Part of the problem with the movie version of The Da Vinci Code was that it took itself too seriously. You had these people dashing around Europe, investigating obscure clues and uncovering outrageous conspiracies, but the only person who seemed to be having any fun with it was Ian McKellen. "Tom Hanks has never seemed so dull," I wrote in my review.

Well, say what you will about Ron Howard as a director, but at least he's consistent. Angels & Demons, the Da Vinci Code sequel, is as overly serious as its predecessor, and poor Mr. Hanks -- the world's most likable man, for crying out loud! -- is still dour and intense. I get that saving the world from disaster is important business, and the characters may not have time to smile and joke and enjoy themselves. But is it too much to ask for it to be fun for the audience?

Not having read Dan Brown's Angels & Demons novel (which actually came before Da Vinci, not after), I was able to find some entertainment in the mechanics of the plot -- not knowing how the mystery would be unraveled, curious to see what the clues would mean. The screenplay, by veteran action writer David Koepp (Panic Room) and Ron Howard regular Akiva Goldsman (A Beautiful Mind), basically adheres to a limited point of view -- we don't know any more than the Hanks character, Robert Langdon, does. For viewers who already know where things are going, there may not be much pleasure in watching Langdon figure it out, unless the movie has deviated significantly from the book.
This time around, Langdon, relived of his absurd haircut and back at Harvard University, is summoned by the Vatican after four high-ranking cardinals are kidnapped. The Vatican, in a state of high alert anyway due to the pope having just died, believes the evildoers are members of the super-secret group known as the Illuminati. The reason they believe this is that whoever abducted the cardinals left behind a piece of paper that says "ILLUMINATI" on it.

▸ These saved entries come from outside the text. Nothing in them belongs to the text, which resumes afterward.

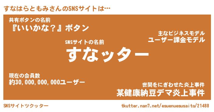 | 男性向けラノベタイトル風あだ名 | 『スナハラトモミアートオンライン』 |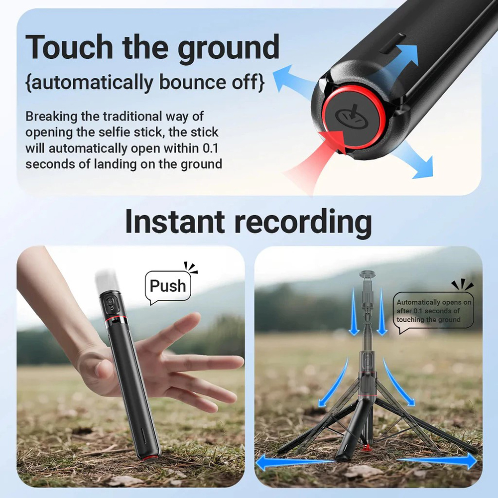 - Auto-Locking Tripod Legs – Deploys/stows in seconds.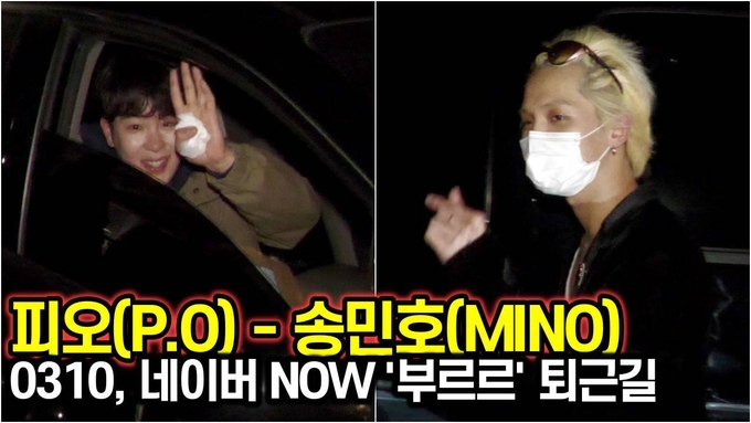 [뉴스인스타 양철수기자] 3월 10일(수) 오후, 서울시 강남구 논현동 한 스튜디오에서 네이버 NOW ‘Brrr Friends(부르르)’ 방송을 마치고 MC 송민호, 피오가 스튜디오를 나서고 있다.

Langdon's expertise is needed because this "ILLUMINATI" symbol is written in the form of an ambigram, i.e., it reads the same right-side-up and upside-down. (Look at how Angels & Demons appears on the cover of the novel.) Allegedly, this is an ancient secret, the sudden appearance of which can ONLY mean the Illuminati have come out of hiding, because surely no one else could have figured out how to design an ambigram out of "Illuminati."

The kidnappers have also swiped a canister of anti-matter from a Vatican-funded lab in Switzerland, with the apparent goal of using it to blow up Vatican City. In the meantime, they've left a video message for the Vatican in which their language sounds normal but is actually densely packed with clues about their plans and whereabouts. Langdon deciphers these clues and, with a scientist named Vittoria Vetra (Ayelet Zurer) at his side, dashes all over Rome in an effort to thwart the evildoers. It kind of makes you wonder why the evildoers went to the trouble of hiding clues in their message, unless they wanted to be thwarted. Maybe it was a cry for help?

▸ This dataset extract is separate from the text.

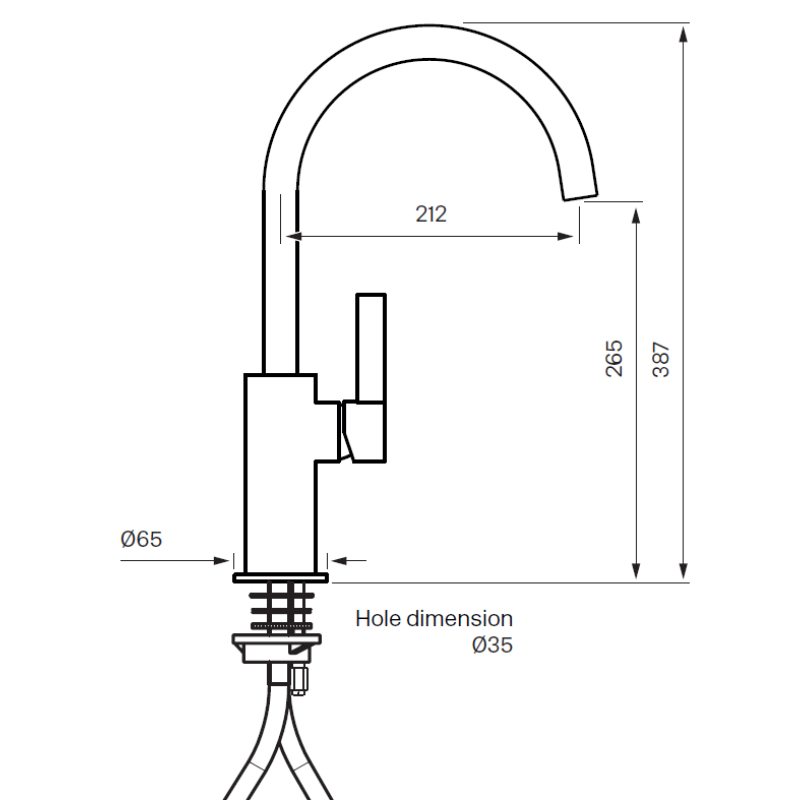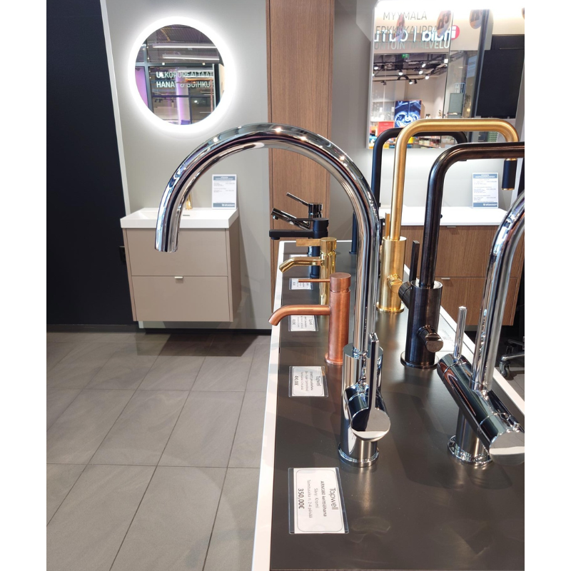 Tapwell ARM380 keittiöhanan myymälämalli, ilman pesukoneventtiiliä. Matalampi malli ARM180 hanasta. Juoksuputken kääntösäde voidaan rajoittaa 60° – 270° välillä, 30° välein. Hanan asennusreikä Ø 40 mm.

Assisting Langdon is Patrick McKenna (Ewan McGregor), chamberlain to the late pope and current acting head of state of Vatican City (something of a placeholder until the college of cardinals chooses a new pontiff). An orphan, Patrick is devout and humble, and unafraid of uncovering the truth, no matter what it may be. Somewhat fussier and more old-fashioned is Commander Richter (Stellan Skarsgard), the head of Vatican City's police force, who scoffs at Langdon's code-breaking and old-sculpture-interpreting.

As I said, there's a certain rote enjoyment to be had in seeing the elaborate story unfold, a basic thrill in wondering what's going to happen next. What it lacks is a human touch. Vittoria Vetra is a total blank who might as well have been played by a pile of socks for all the personality she brings. Patrick and Richter are generic types, a Sympathizer and Antagonist, respectively, whose characters never get fully fleshed out. Even Langdon -- being played by the world's most likable man, for crying out loud! -- seems like nothing more than a perturbed academic who must hastily solve riddles and save Rome. He's busy and frantic, but that is not the same as being interesting.

The film also lacks a crisis that can measure up to the one in The Da Vinci Code. That story was ultimately about the divinity of Jesus Christ, with secrets emerging that threatened to shake the Roman Catholic Church at its very foundation! Angels & Demons is about imperiled clergymen and a terrorist plot to destroy Rome -- big deals, sure, but hardly on a par with what sequel-goers are expecting. As a means of dealing with that shortcoming, Angels & Demons flirts with bigger issues, including science vs. religion, and briefly claims that the anti-matter relates to "the creation of life." But this is merely bluster, an effort to make us think the film is deeper than it is. It's ultimately just a 24-style murder-and-mayhem thriller -- which is a fine thing to be. Why take it so seriously, though?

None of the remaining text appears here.